-------- Supplied material
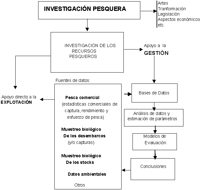 El esquema (Figura 1.1) muestra que la investigación pesquera contempla varios sectores de la actividad pesquera. Este curso se ocupa fundamentalmente de los modelos de evaluación destinados a apoyar la gestión pesquera. De los varios trabajos sobre evaluación de los recursos pesqueros los libros y/o manuales de Beverton y Holt (1956), Ricker (1958, 1975) y Gulland (1964, 1983) constituyen referencias históricas obligadas.
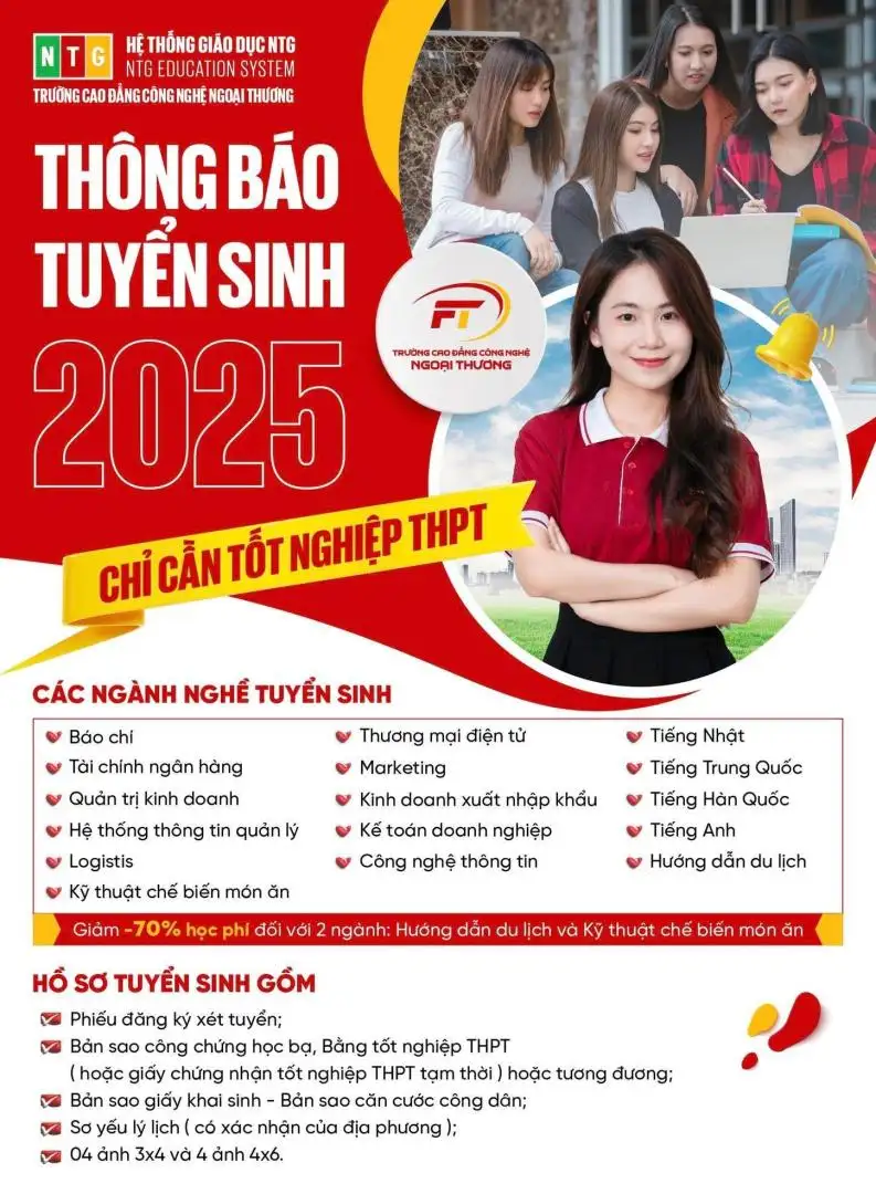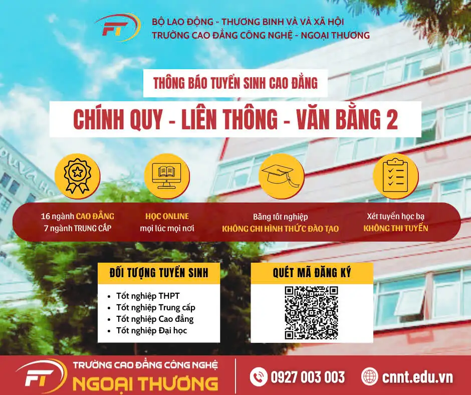 Trường Cao Đẳng Công Nghệ – Ngoại Thương thông báo tuyển sinh Cao đẳng hệ đào tạo từ xa năm 2025 theo phương thức xét học bạ THPT, hoặc điểm thi tốt nghiệp THPT.
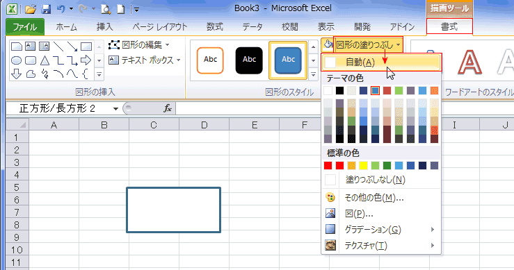 - 新たにExcel2010を起動すると、設定変更した書式で図形が作成できます。
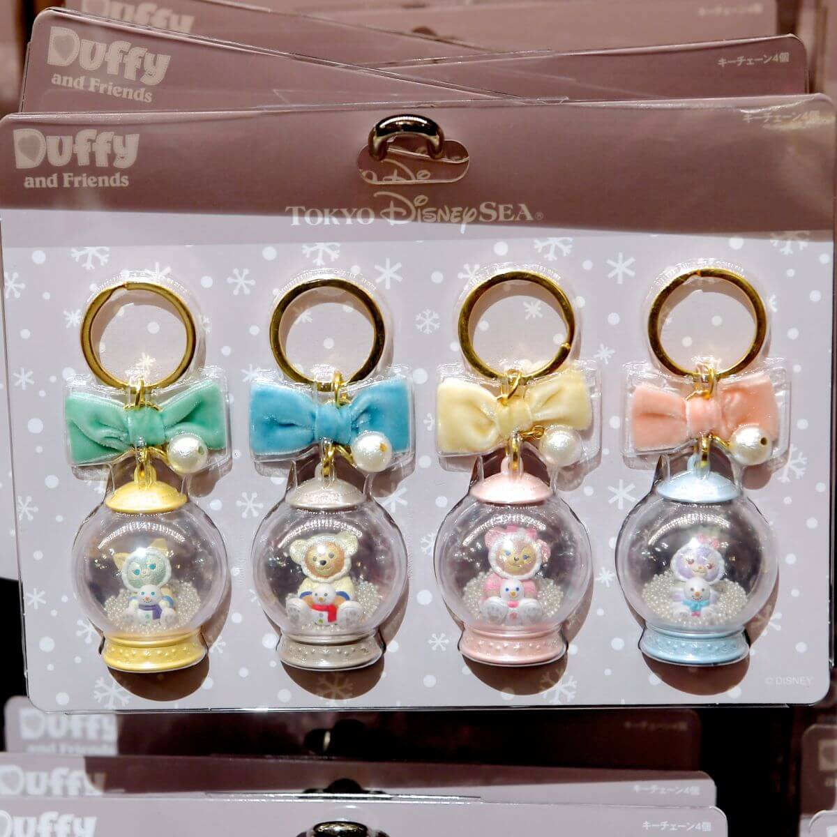 「ダッフィー」「シェリーメイ」「ジェラトーニ」「ステラ・ルー」のスノードームのようなキーチェーンセット。
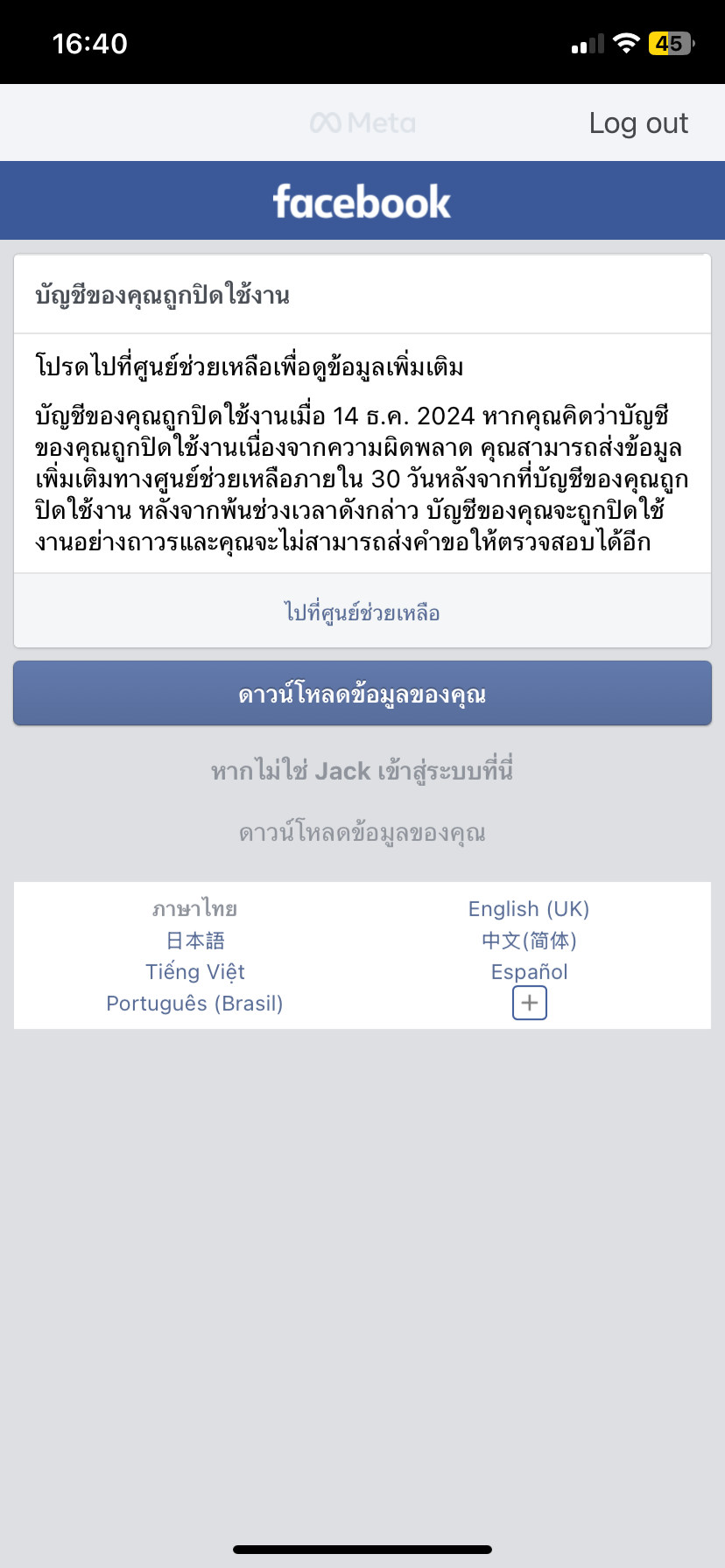 Facebook ผมโดนปิดแก้ได้มั้ยครับ
----------------
**What you are asked to do**: When you return the records, keep every word unchanged and drop the pictures.

**The completed task**:
 El esquema (Figura 1.1) muestra que la investigación pesquera contempla varios sectores de la actividad pesquera. Este curso se ocupa fundamentalmente de los modelos de evaluación destinados a apoyar la gestión pesquera. De los varios trabajos sobre evaluación de los recursos pesqueros los libros y/o manuales de Beverton y Holt (1956), Ricker (1958, 1975) y Gulland (1964, 1983) constituyen referencias históricas obligadas.
 Trường Cao Đẳng Công Nghệ – Ngoại Thương thông báo tuyển sinh Cao đẳng hệ đào tạo từ xa năm 2025 theo phương thức xét học bạ THPT, hoặc điểm thi tốt nghiệp THPT.
 - 新たにExcel2010を起動すると、設定変更した書式で図形が作成できます。
 「ダッフィー」「シェリーメイ」「ジェラトーニ」「ステラ・ルー」のスノードームのようなキーチェーンセット。
 Facebook ผมโดนปิดแก้ได้มั้ยครับ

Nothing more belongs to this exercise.